Ghosts at the Banquet

Ghosts at the Banquet

Spectres from the past attended the 2024 Washington NATO summit, writes Eric Edelman

The Vilnius NATO summit of 2023 was stalked by a spectre. How would the allies deal with Ukraine’s NATO aspirations while its vaunted counter-offensive had gotten off to a sputtering start, amidst nuclear saber rattling by Vladimir Putin and his henchmen, eliciting in turn a focus on “escalation management” by Joe Biden’s national security team. Vilnius ended, as all NATO summits are fated to end—as a success, despite unseemly recriminations between the Biden team and President Zelensky’s advisors.
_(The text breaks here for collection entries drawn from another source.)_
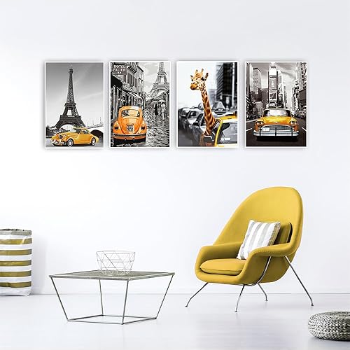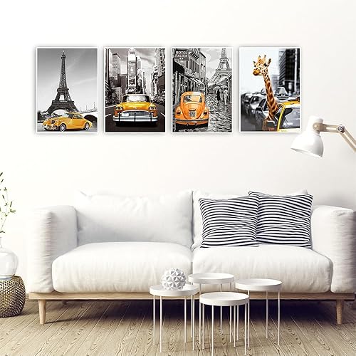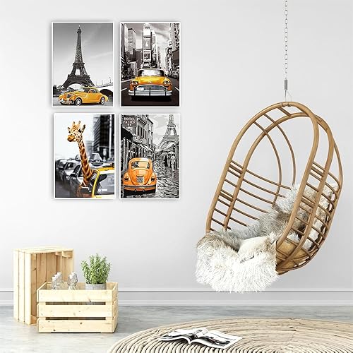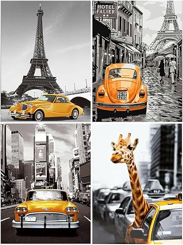 DCIDBEI 30x40CM DIY 4 Lot Peinture Diamant Paysage Gris Jaune, Kit De Point De Croix Diamant Ville, 5D Rond Diamond Painting Voiture, Salon Entrée Chambre Décoration Autocollant Mural
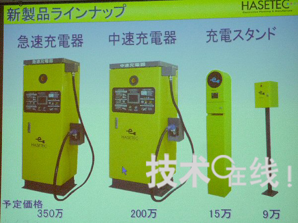 “快速充電器在電動汽車的普及中不可或缺。作為最先開發(fā)出快速充電器的企業(yè),我們將繼續(xù)積極努力”,Hasetec代表董事社長千村正如此表示。該公司日前擴(kuò)充了電動汽車用充電器的產(chǎn)品陣容。除改進(jìn)了原來的快速充電器外,還新開發(fā)出了一款中速充電器和兩種充電站。價格方面,快速充電器為350萬日元,中速充電器為200萬日元,充電站分別為15萬日元和9萬日元。
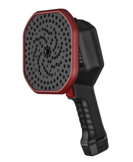 本產(chǎn)品是一款手持式的工業(yè)聲學(xué)成像儀,廣泛應(yīng)用于電力局放,帶壓或真空條件下的氣體泄漏檢測、氣密性檢測、設(shè)備異響定位等多種場景。儀器利用麥克風(fēng)陣列波束形成技術(shù)獲取聲源分布數(shù)據(jù),并配合高清攝像頭實時采集視頻畫面,通過將聲源分布數(shù)據(jù)同視頻圖像進(jìn)行聲像融合,把變化的聲源動態(tài)的呈現(xiàn)在顯示屏上。 可以幫助現(xiàn)場巡檢人員快速定位故障,提供處置依據(jù)。
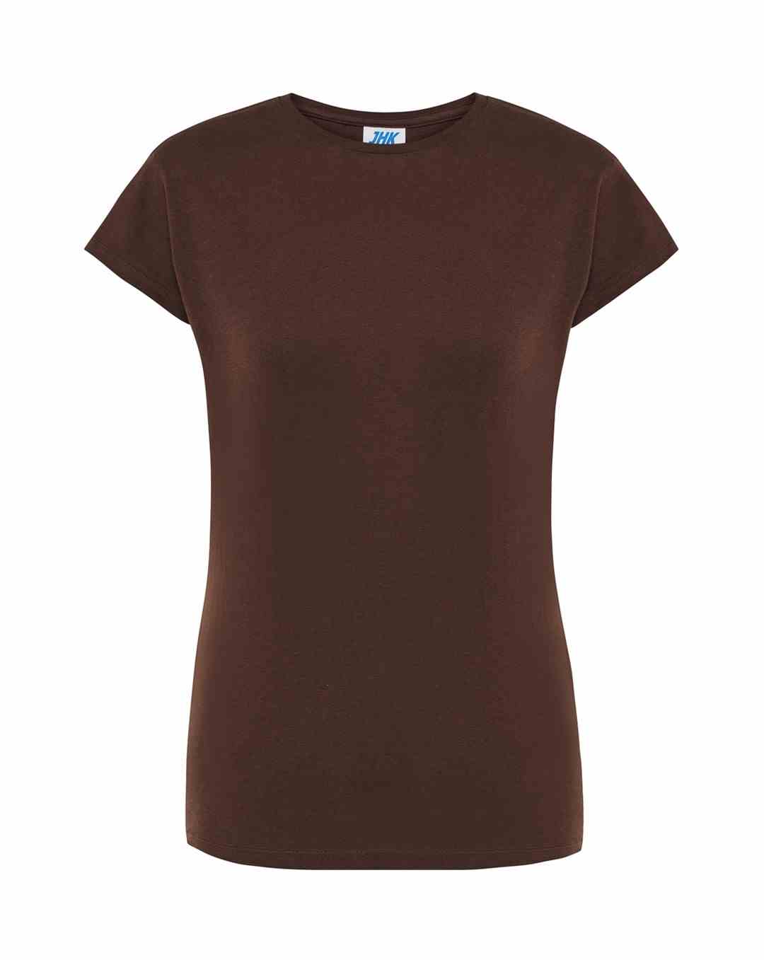 T-shirt damski z krótkim rękawem. Krój dopasowany do sylwetki. Ściągacz przy szyi. Szwy boczne. Podwójne szwy na ramionach i spodzie koszulki. Łatwo usuwalna metka. 100 % bawełna.
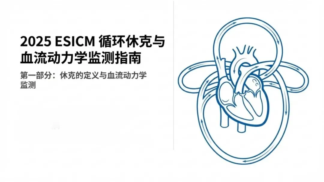 欧洲重症医学会指南针对休克患者的休克定义、液体治疗、血流动力学监测及超声心动图检查,提出了50条基于循证医学和专家共识的建议。2025年指南对2014年制定的建议进行了更新和扩充。根据指南内容做了四个PPT,分布是休克的定义、液体治疗、血流动学监测、超声心动图监测,本文分享第一部分:休克的定义,涉及内容包括定义、临床特征、乳酸、连续评估、皮肤灌注等推荐意见。需要课件可加微信wxkukakukal07获取。
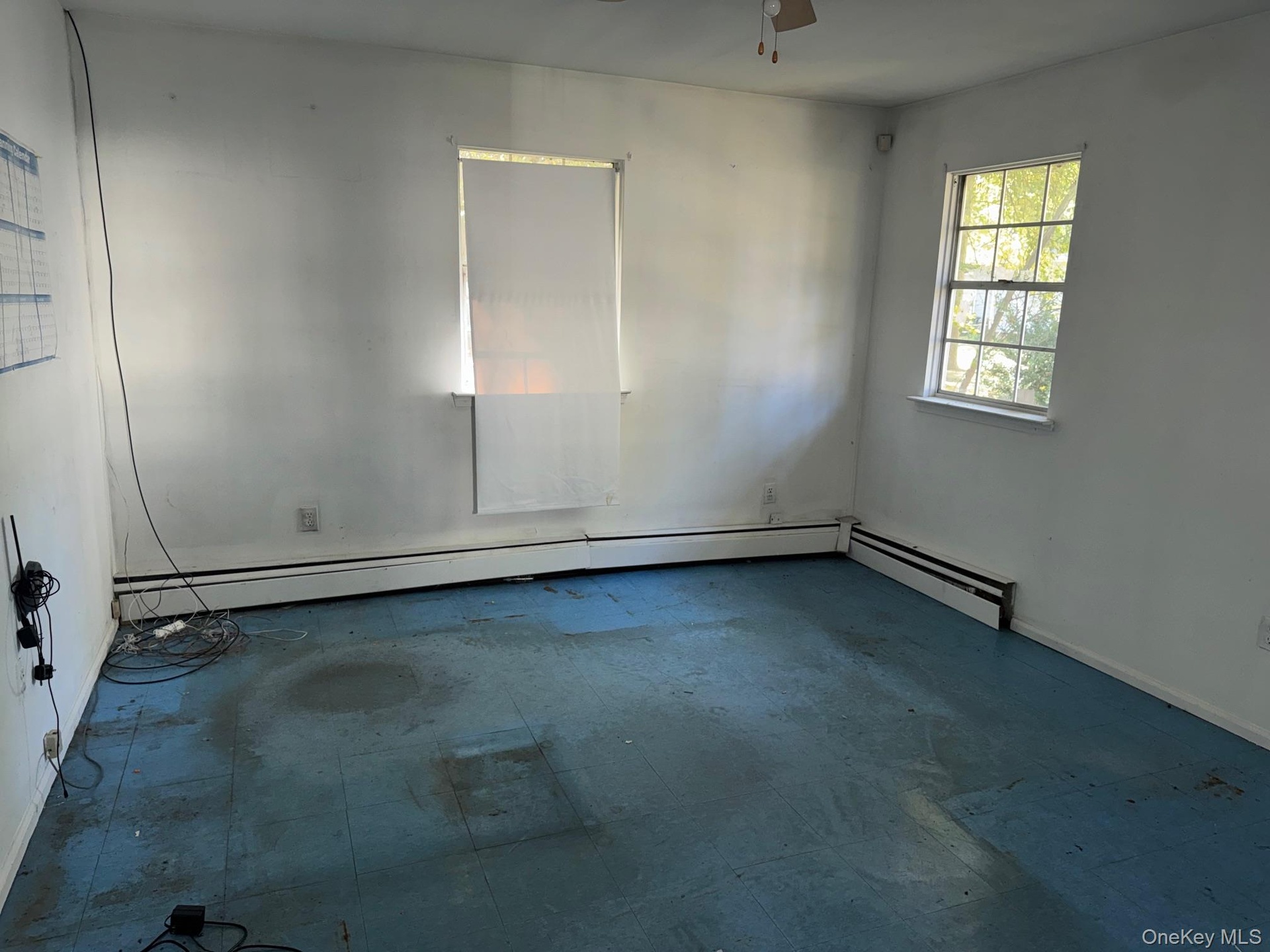 - Empty room featuring a baseboard heating unit and ceiling fan

This year’s Washington summit took place in the suffocating, sultry heat and humidity of a typical D.C. July. It gridlocked the city with intersection closures to facilitate motorcades of 32 NATO national leaders plus key Indo-Pacific allies. It was stalked by two quite different phantasms—the spectre of weak leadership among Western leaders, notably including host President Joe Biden, and what former Secretary of Defense Robert Gates has characterized as the most dangerous and challenging international security environment since World War Two.
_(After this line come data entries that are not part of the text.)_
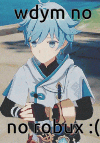 Chongyun from Genshin Impact looks disappointed asking 'wdym no no robux :(' in this meme.
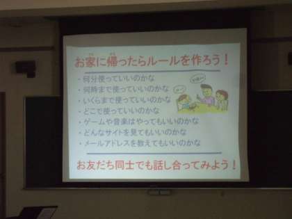 携帯電話、スマートフォン等の使用で、様々なトラブルに子どもたちが巻き込まれています。これらの機器を持っていなくても、インターネットに接続したゲーム機でも、使い方を間違えれば、大変なことになります。このような機器と、いかに上手に付き合っていくかの学習をしました。
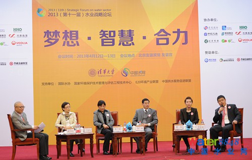 (從左至右分別是:E20環(huán)境產(chǎn)業(yè)人力資源聯(lián)盟秘書長(zhǎng)成衛(wèi)東、GE水處理及工藝過(guò)程處理大中華區(qū)人力資源經(jīng)理丁愛華、桑德集團(tuán)人力資源部總經(jīng)理蔡蘭麗、碧水源科技人力資源總監(jiān)鄭廣峰、博天環(huán)境副總經(jīng)理蔣瑋、中持環(huán)保人力資源總監(jiān)李彩斌)
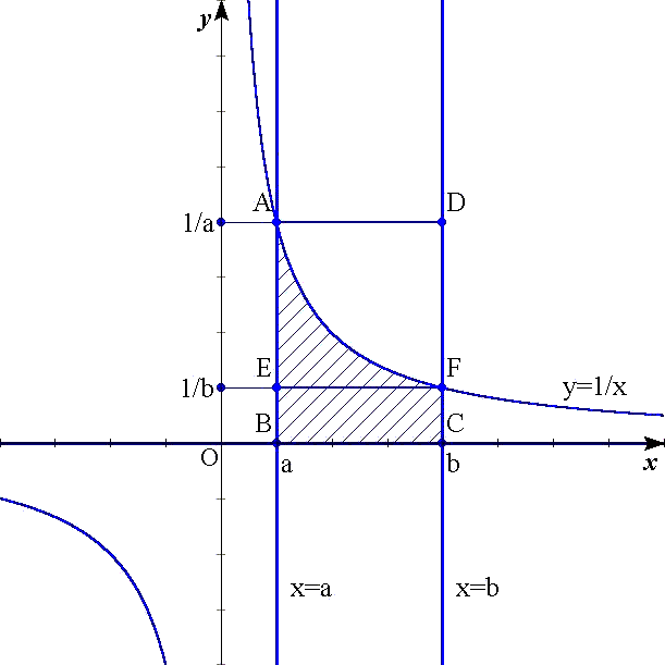 y=1/x で、0<a<b のとき、(b-a)*1/b <∫1/x dx <
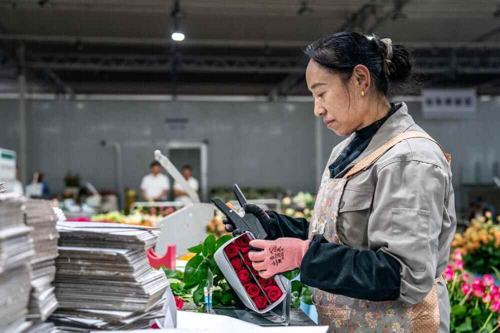 玫瑰、百合、洋桔梗等40多个品类、1500多种鲜切花的价格、评级信息在电子大屏上实时快速滚动。来自全国各地的采购商紧盯屏幕,不时按下抢拍键。拍卖结束后,鲜花马上进入打包环节,连夜发货。
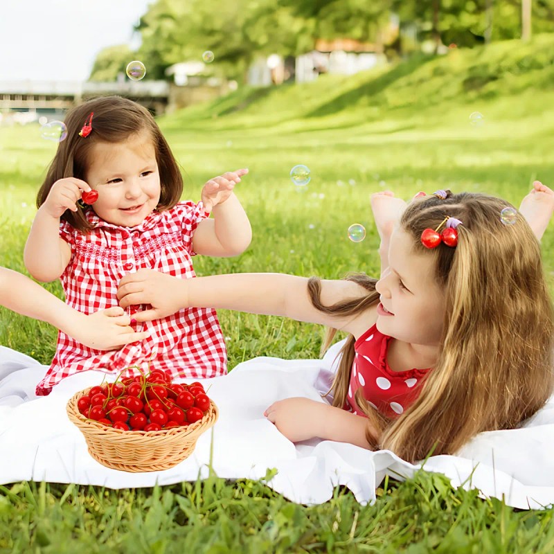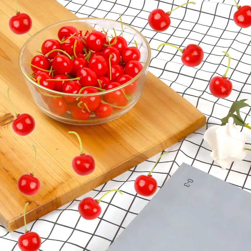 - Apariencia realista: Elaboradas con atención al detalle, estas cerezas imitan el color vibrante y la textura de las cerezas frescas, ideales para fotografía y estilización.
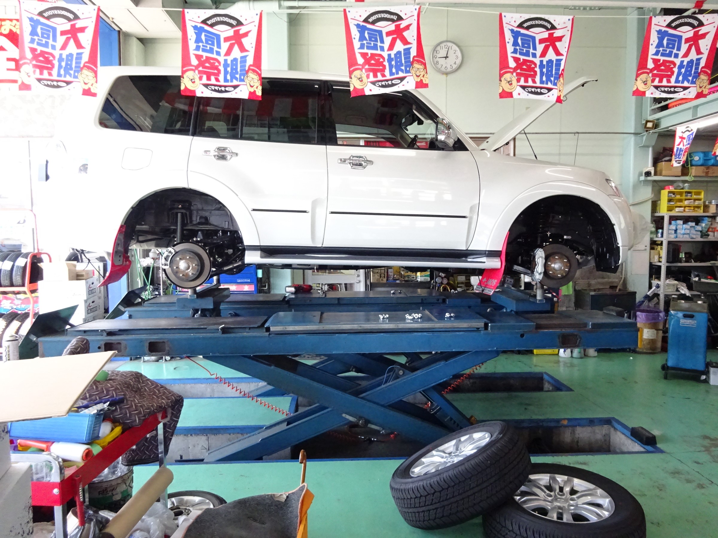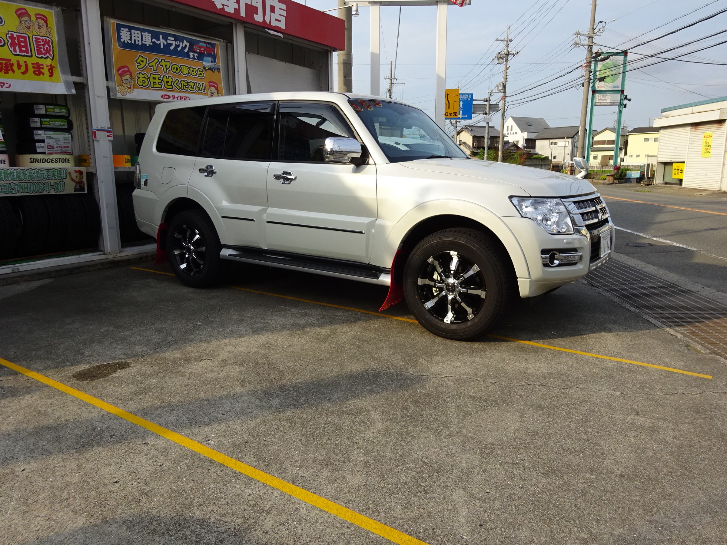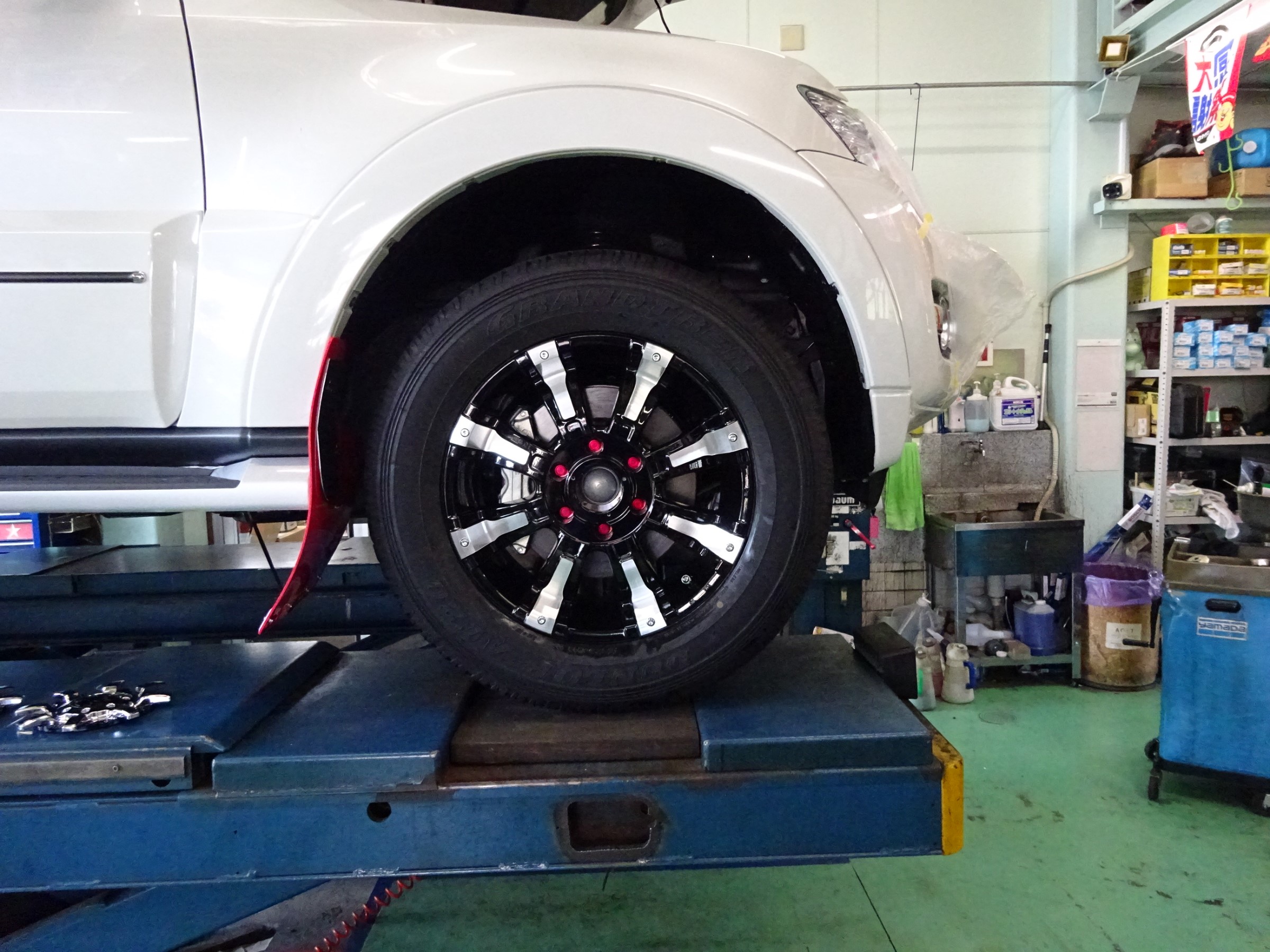 新型パジェロのお客様の依頼で、ホイールをクリムソン ビースト ナットにはキョーエイ産業の赤

The questions about Ukraine which had roiled Vilnius were resolved without the contention and ill will of a year ago. The final Washington summit communique saluted the valor of the Ukrainian people for resisting Russian aggression, noted that Ukraine’s path to membership and integration with NATO was irreversible and announced additional assistance from the US and other allies to build a “bridge” for the nation’s eventual accession to the North Atlantic Treaty. The new assistance includes air defense systems, a NATO training mission (to take place outside of Ukraine), a permanent civilian NATO Representative to Ukraine, a pledge of 40 billion Euros in long-term assistance to Ukraine by European members of NATO, and a joint NATO-Ukraine training center to apply the lessons learned from warfare in Ukraine and increase the Ukrainian Armed Forces interoperability with NATO. Biden also announced a “Ukraine Compact” which memorialized the bilateral security agreements, pledged at Vilnius, that have been reached by 22 of NATO’s 32 members plus the EU. These steps met many of President Zelensky’s needs and much of his wish list. Left unanswered were questions about Ukraine’s ability to use long-range guided strike weapons like the ATACM missiles, which the US has finally given Kyiv, against legitimate Russian military targets inside Russia proper (as opposed to occupied Ukraine and Crimea where they are permitted under the rules set by Washington).